Forward-Looking and Other Cautionary Statements
This press release contains forward-looking statements within the meaning of the Private Securities Litigation Reform Act of 1995. The company does not assume any obligation to revise or update these statements to reflect new information, subsequent events or changes in strategy. Forward-looking statements include statements relating to future developments in our business or expectations for our future financial performance and any statement not involving a historical fact.

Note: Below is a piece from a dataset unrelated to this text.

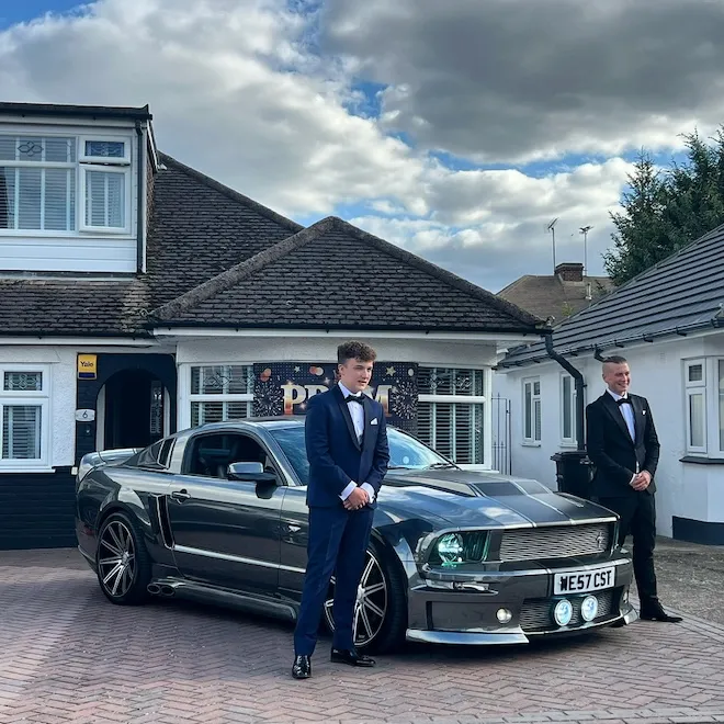 The Chrome Black Mustang GT is the ultimate statement car for cinematic shoots, weddings, prom and standout arrivals—combining raw American muscle with bold visual impact.
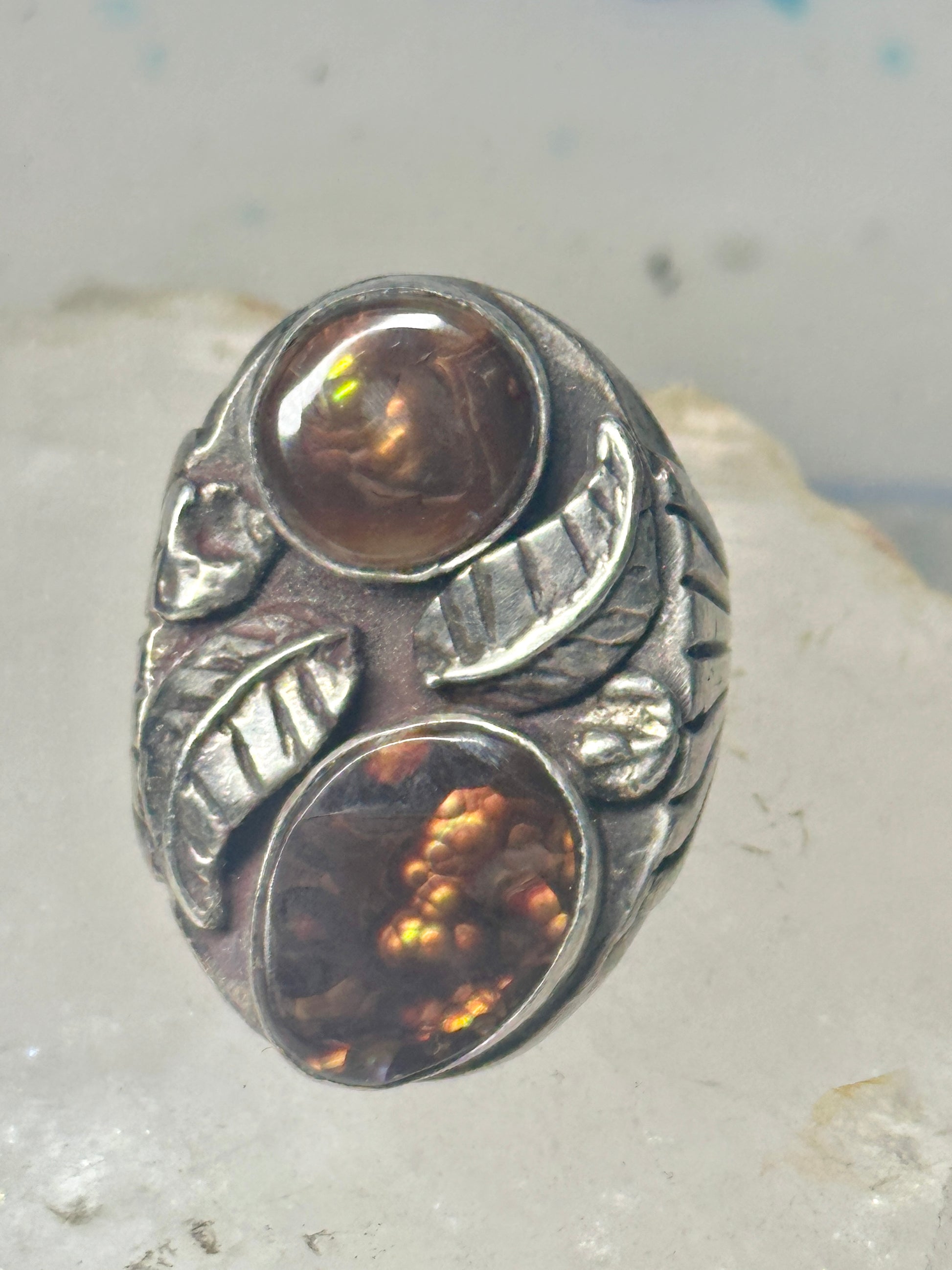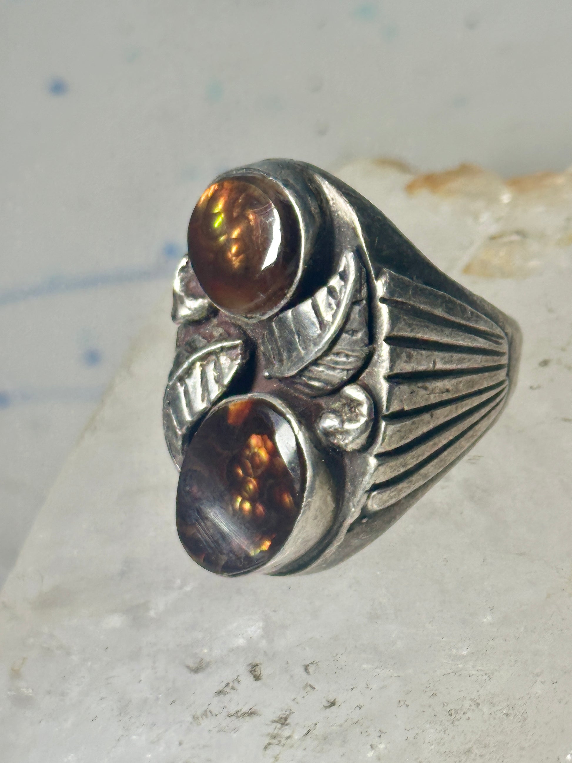 Navajo Fire Agate size 9 leaves sterling silver women men

Forward-looking statements use words such as “anticipate,” “believe,” “estimate,” “expect,” “intend,” “plan,” and other words and terms of similar meaning in connection with a discussion of future operating or financial performance. Actual results, performance or events may differ materially from those projected in any forward-looking statement due to, among other things, (i) general economic conditions, particularly economic conditions in our core markets, (ii) performance of financial markets, (iii) the frequency and severity of insured loss events, (iv) the effects of natural or man-made disasters, including pandemic events and specifically the current COVID-19 pandemic event, (v) mortality and morbidity levels, (vi) persistency and lapse levels, (vii) interest rates, (viii) currency exchange rates, (ix) general competitive factors, (x) changes in laws and regulations, such as those relating to Federal taxation, state insurance regulations and NAIC regulations and guidelines, (xi) changes in the policies of governments and/or regulatory authorities, (xii) our ability to successfully manage the separation of our individual life business on the expected timeline and economic terms, and (xiii) our ability to realize the expected benefits from the transaction with AllianzGI. Factors that may cause actual results to differ from those in any forward-looking statement also include those described under “Risk Factors” and “Management’s Discussion and Analysis of Results of Operations and Financial Condition (“MD&A”) – Trends and Uncertainties” in our Annual Report on Form 10-K for the year ended Dec. 31, 2021, as filed with the Securities and Exchange Commission (“SEC”) on Feb. 22, 2022 and in our Quarterly Report on Form 10-Q for the three months ended March 31, 2022, filed with the SEC on May 5, 2022.